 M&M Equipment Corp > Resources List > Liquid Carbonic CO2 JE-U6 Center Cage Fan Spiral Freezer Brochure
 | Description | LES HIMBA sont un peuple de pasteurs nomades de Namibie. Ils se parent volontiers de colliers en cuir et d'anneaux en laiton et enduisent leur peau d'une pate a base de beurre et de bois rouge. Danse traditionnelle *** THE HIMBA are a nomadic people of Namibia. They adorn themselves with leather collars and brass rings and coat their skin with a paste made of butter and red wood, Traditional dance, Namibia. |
...
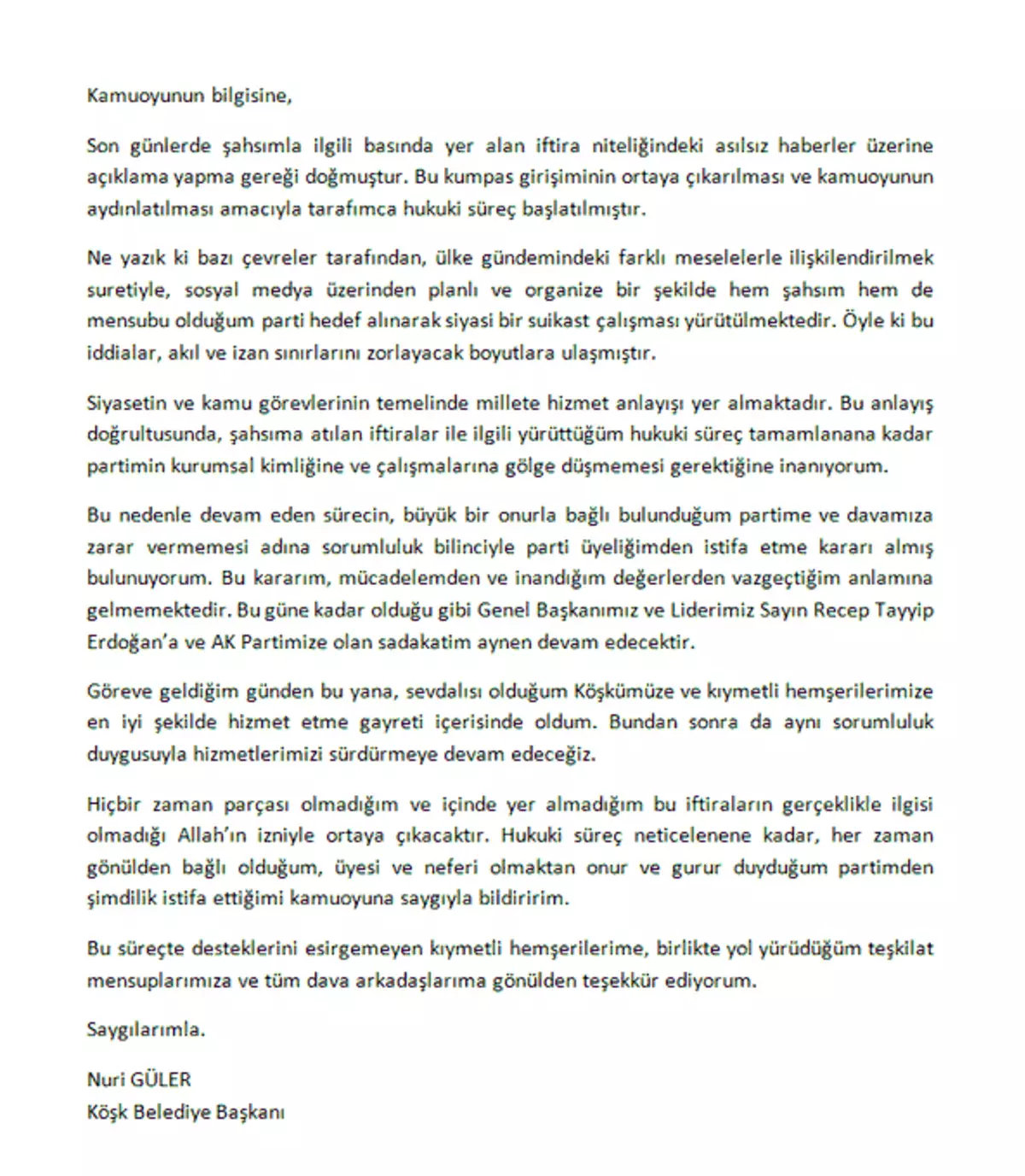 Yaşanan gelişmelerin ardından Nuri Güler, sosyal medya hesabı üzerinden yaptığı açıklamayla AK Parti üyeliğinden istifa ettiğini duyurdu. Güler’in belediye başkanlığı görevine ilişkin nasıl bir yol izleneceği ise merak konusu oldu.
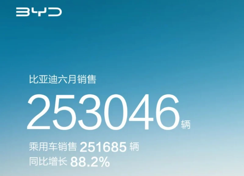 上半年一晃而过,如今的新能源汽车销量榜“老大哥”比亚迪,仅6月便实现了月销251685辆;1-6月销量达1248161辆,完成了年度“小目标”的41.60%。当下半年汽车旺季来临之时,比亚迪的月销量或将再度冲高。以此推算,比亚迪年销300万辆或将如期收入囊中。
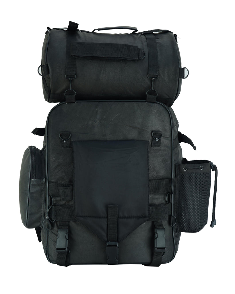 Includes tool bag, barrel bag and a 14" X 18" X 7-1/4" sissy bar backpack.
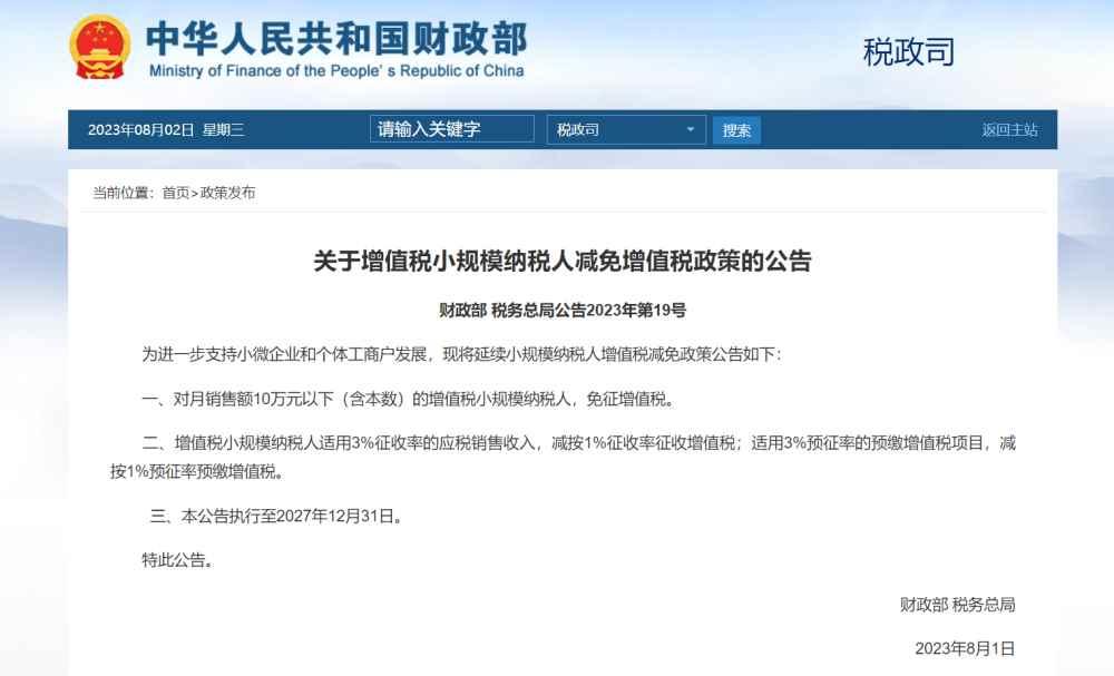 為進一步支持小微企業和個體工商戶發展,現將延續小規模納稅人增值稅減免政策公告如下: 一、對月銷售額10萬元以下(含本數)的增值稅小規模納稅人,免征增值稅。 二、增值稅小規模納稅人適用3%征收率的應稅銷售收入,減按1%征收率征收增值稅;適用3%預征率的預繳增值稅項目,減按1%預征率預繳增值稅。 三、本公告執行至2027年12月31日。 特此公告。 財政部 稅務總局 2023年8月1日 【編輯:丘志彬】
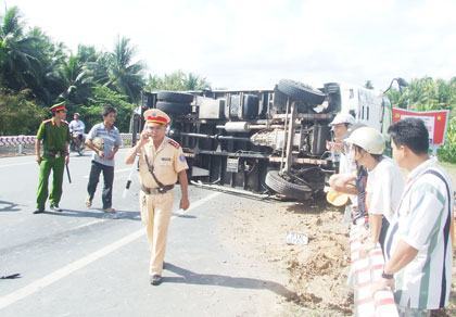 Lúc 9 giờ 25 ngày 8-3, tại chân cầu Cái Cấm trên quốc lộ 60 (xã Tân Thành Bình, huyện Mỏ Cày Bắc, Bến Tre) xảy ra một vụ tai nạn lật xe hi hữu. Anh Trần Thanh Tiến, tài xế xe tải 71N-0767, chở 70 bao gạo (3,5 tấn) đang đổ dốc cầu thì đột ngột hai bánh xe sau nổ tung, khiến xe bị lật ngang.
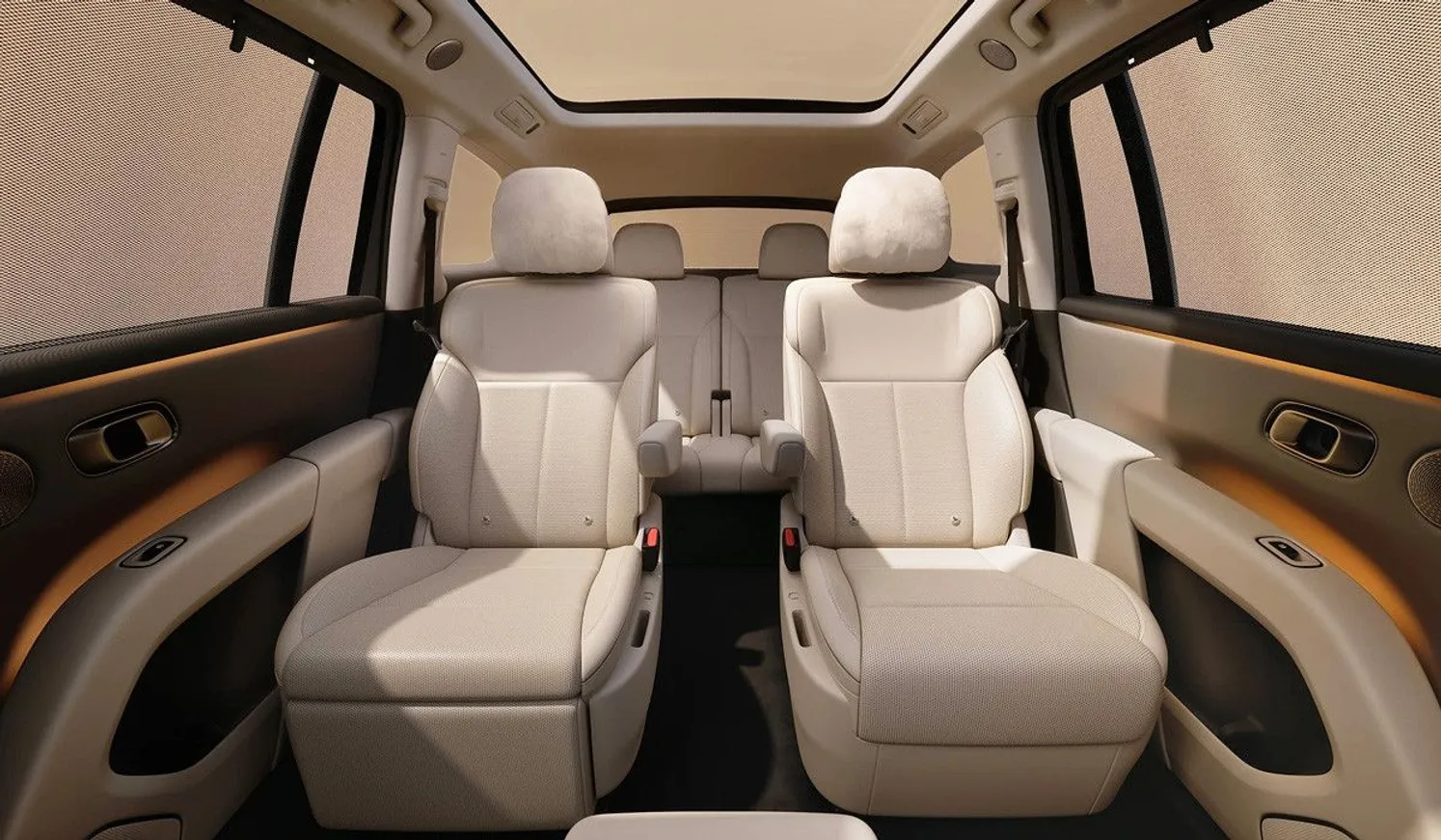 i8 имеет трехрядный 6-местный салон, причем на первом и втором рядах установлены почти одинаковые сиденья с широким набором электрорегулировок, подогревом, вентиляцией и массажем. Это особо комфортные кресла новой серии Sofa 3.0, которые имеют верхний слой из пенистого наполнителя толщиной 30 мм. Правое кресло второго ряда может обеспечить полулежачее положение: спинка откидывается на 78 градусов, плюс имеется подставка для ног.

AIM OF THE TASK
The data above holds the lines to copy: start at the one with "Includes tool bag, barrel", stop at the one with "Lúc 9 giờ 25", include both, copy them exactly without pictures, and copy nothing else.

SOLUTION
 Includes tool bag, barrel bag and a 14" X 18" X 7-1/4" sissy bar backpack.
 為進一步支持小微企業和個體工商戶發展,現將延續小規模納稅人增值稅減免政策公告如下: 一、對月銷售額10萬元以下(含本數)的增值稅小規模納稅人,免征增值稅。 二、增值稅小規模納稅人適用3%征收率的應稅銷售收入,減按1%征收率征收增值稅;適用3%預征率的預繳增值稅項目,減按1%預征率預繳增值稅。 三、本公告執行至2027年12月31日。 特此公告。 財政部 稅務總局 2023年8月1日 【編輯:丘志彬】
 Lúc 9 giờ 25 ngày 8-3, tại chân cầu Cái Cấm trên quốc lộ 60 (xã Tân Thành Bình, huyện Mỏ Cày Bắc, Bến Tre) xảy ra một vụ tai nạn lật xe hi hữu. Anh Trần Thanh Tiến, tài xế xe tải 71N-0767, chở 70 bao gạo (3,5 tấn) đang đổ dốc cầu thì đột ngột hai bánh xe sau nổ tung, khiến xe bị lật ngang.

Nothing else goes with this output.